2.nVidia - Network - NVIDIA nForce Networking Controller
Download size: 582 KB
nVidia Network software update released in August, 2010\

3.Update for Windows 7 for x64-based Systems (KB2709981)
Download size: 413 KB

Should i install these optional updates? because i heard that some optional updates can hurt your computer more than it can help.


----------



## jamesd1981

I would never use windows auto updates, it usually creates more problems than it solves and it is an endless list of pretty useless updates.

Find out what updates you need and download them manually, for example your nvidia geforce graphics drivers is available below.
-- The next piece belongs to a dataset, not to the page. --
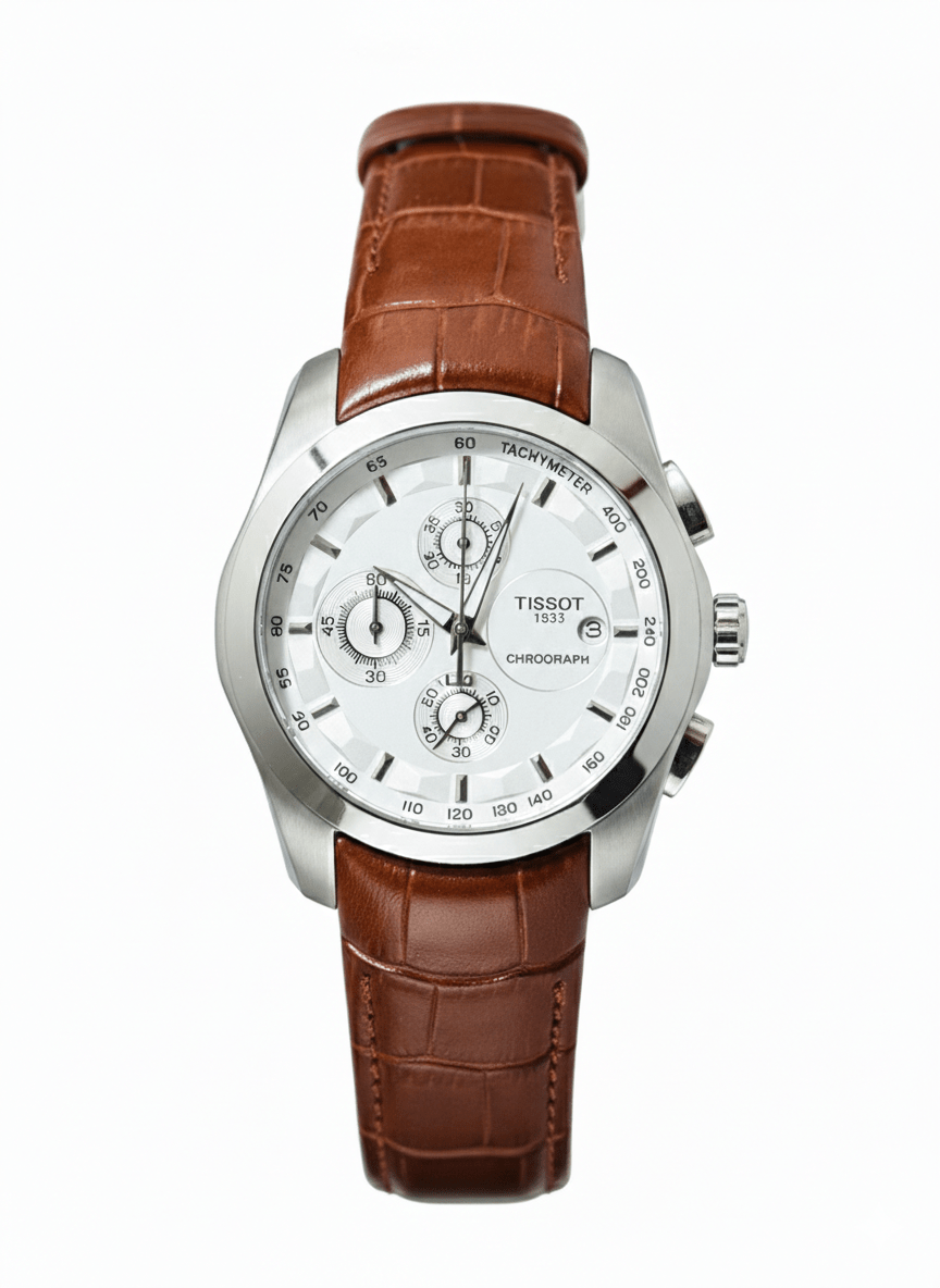 Designed for those who appreciate the finer things in life, this Silver Dial Chronograph is the perfect blend of performance and prestige. The crisp, clean white-silver dial provides a stunning contrast against the rich brown leather, making it a versatile accessory for any wardrobe.

http://www.nvidia.co.uk/object/win7-winvista-64bit-301.42-whql-driver-uk.html


----------



## Eric4753

I do not have auto update on. I went on to the website and found the new driver update should i download it from there? ps: i am american so if you would give me the link for the US not UK thanks. here is the link will this update it? http://www.geforce.com/drivers

info.GeForce 9400 GT
Latest Driver Version: 301.42

will this hurt my computer at all?


----------



## Eric4753

bump/


----------



## Darren

Yeah you should. I've used Windows automatic update for over a year and it's never been an issue. Actually really helpful in most cases.


----------



## voyagerfan99

Only with XP did I have issues when downloading VGA drivers from Windows Update. Vista and 7 are much better about them. But in any case, I install all available updates.


----------



## wolfeking

I personally never install updates unless it fixes an issue I am having. One thing I am 100% on never doing is drivers from windows. get them from the device manufacturer, especially graphics drivers.


----------



## Eric4753

Ok i was going to download the driver from the nividia website l. So it won't hurt anything and it will only help right? Or should i download the update from windows update?


----------



## Aastii

Neither will hurt, but I would get it from nvidia over windows update


----------



## voyagerfan99

wolfeking said:


> I personally never install updates unless it fixes an issue I am having. One thing I am 100% on never doing is drivers from windows. get them from the device manufacturer, especially graphics drivers.





Aastii said:


> Neither will hurt, but I would get it from nvidia over windows update



The drivers that appear in Windows Update do come from the manufacturer. However video drivers I personally would personally get directly from the manufacturer instead.


----------



## Eric4753

ok thanks it didn't really change much but better safe than sorry thanks for all your help


----------